Texas Instruments announces enhanced brightness, color saturation for DLPTM technology
'Sequential Color Recapture' technology described at SID 2001 Conference
Dallas, Texas - June 7th 2001: At the annual conference of the Society for Information Display (SID) - held at the San Jose McEnery Convention Center in San Jose, California - Texas Instruments (TI) (NYSE: TXN) today announced an exciting innovation which will allow projectors featuring DLPTM technology to deliver images which can be up to 40% brighter than is currently possible or which feature greater color saturation - or a combination of increased brightness and increased color saturation.
In a paper entitled "Sequential Color Recapture and Dynamic Filtering: A Method of Scrolling Color" authored by D. Scott Dewald, Steven M. Penn and Michael Davis of Texas Instruments, an innovative approach to increasing the efficiency of a single modulator display is described.
"The current DLP single-panel technology has only one color present on the surface of the DMD, meaning that, at any one time, one third of the light is used while two thirds of the light is wasted," said Scott Dewald of TI's DLPTM Products division, who delivered the paper at the conference. "Sequential Color Recapture - SCR - is a technology that allows all three colors to be present simultaneously, such that a single panel DLP system can now be as efficient as - potentially more efficient than - a three panel system, but without the additional parts, size, weight and expense of three panel systems."
"Although many solutions have been proposed to the challenge of maximizing the efficiency of single modulator displays," he continued, "all have exhibited a high degree of mechanical complexity which would make manufacturability a real issue. One of the key virtues of SCR is its simplicity: it is no more complex than what we have today, requiring no additional moving parts."
The implementation of SCR technology requires a change to the color wheel and light integrating element currently employed in single-DMD DLPTM subsystems, together with changes in the DMD and the drive electronics. The optical capability of SCR has been made possible by advances in dichroic and metal thin-film technologies, the most important of these being the photolithographic patterning of dichroic coatings.
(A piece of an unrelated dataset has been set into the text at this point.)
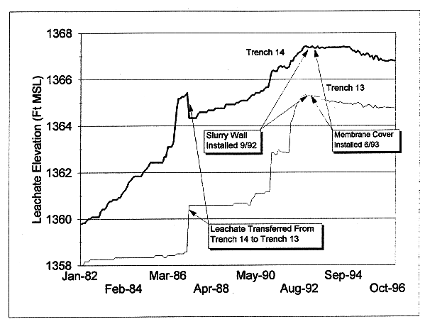 Following this work, Trench 14 water levels rose at a much slower, but steady rate until sudden increases in the Trench 14 leachate level occurred as a result of heavy rainfall and snowmelt in late 1990 and early 1991. This was followed by a dramatic rise in the Trench 13 leachate level providing evidence of the suspected hydraulic interconnection through a sand and gravel body between Trenches 13 and 14 (Fig. 2).

The SCR color wheel is created from RGB dichroic coatings arranged in a "spiral of Archimedes" pattern.
"This is a tremendously exciting development for DLP technology," said Dennis Fritsche, Manager for Business Products at TI's DLPTM Products Division. "It has been a continuing goal to not only increase brightness, but also to increase color saturation - and SCR allows us to do both. On a panel-to-panel basis, DLP technology has always out-performed competing technologies. With this invention, we can now, in all respects, match three-panel modulators with a single DMD, but in the small, lightweight projectors that DLPTM technology uniquely enables because of its high speed and digitally consistent mirror technology. We are now investigating implementation plans and schedules to bring this revolutionary advancement to the market place."
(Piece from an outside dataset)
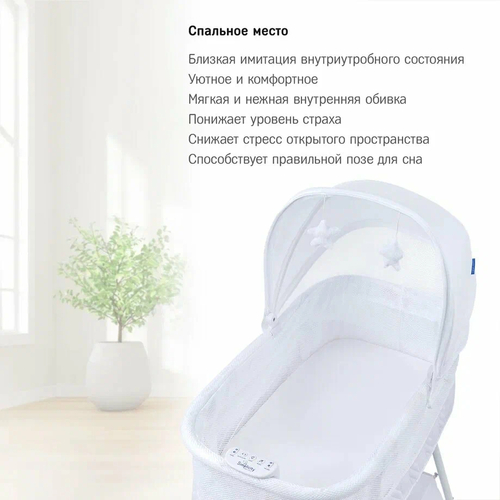 За электронное укачивание отвечает бесшумная система магнитного качания Simplicity Auto Gliding на воздушных подушках, которая работает посредством адаптера от электрической сети и не требует установки батареек. При включении происходит возвратно-поступательное взаимодействие магнитов и образуется «магнитная подушка» от которой бесшумно "скользит" спальное ложе и новорожденный плавно укачивается, как на «маминых ручках».

Today, TI supplies DLPTM subsystems to more than thirty of the world's top projector manufacturers, who then design, manufacture and market projectors based on DLPTM technology. There are now over fifty products based on DLPTM technology in the market. Since early 1996, over 750,000 DLPTM subsystems have been shipped. Over the past four years, DLPTM technology-based projectors have consistently won some of the audio-visual industry's most prestigious awards, including, in June 1998, an Emmy Award from the Academy of Television Arts & Sciences.
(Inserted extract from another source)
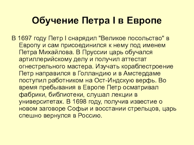 посольство" в Европу и сам присоединился к нему под именем Петра Михайлова. В Пруссии царь обучался артиллерийскому делу и получил аттестат огнестрельного мастера. Изучать кораблестроение Петр направился в Голландию и в Амстердаме поступил работником на Ост-Индскую верфь. Во время пребывания в Европе Петр осматривал фабрики, библиотеки, слушал лекции в университетах. В 1698 году, получив известие о новом заговоре Софьи и восстании стрельцов, царь спешно вернулся в Россию.

At the heart of TI's Digital Light ProcessingTM technology is the Digital Micromirror Device optical semiconductor chip. The DMD switch has an array of up to 1,310,000 hinged, microscopic mirrors which operate as optical switches to create a high resolution, full color image.
Texas Instruments Incorporated is the world leader in digital signal processing and analog technologies, the semiconductor engines of the Internet age. The company's businesses also include sensors and controls, and educational and productivity solutions. TI is headquartered in Dallas, Texas and has manufacturing or sales operations in more than 25 countries.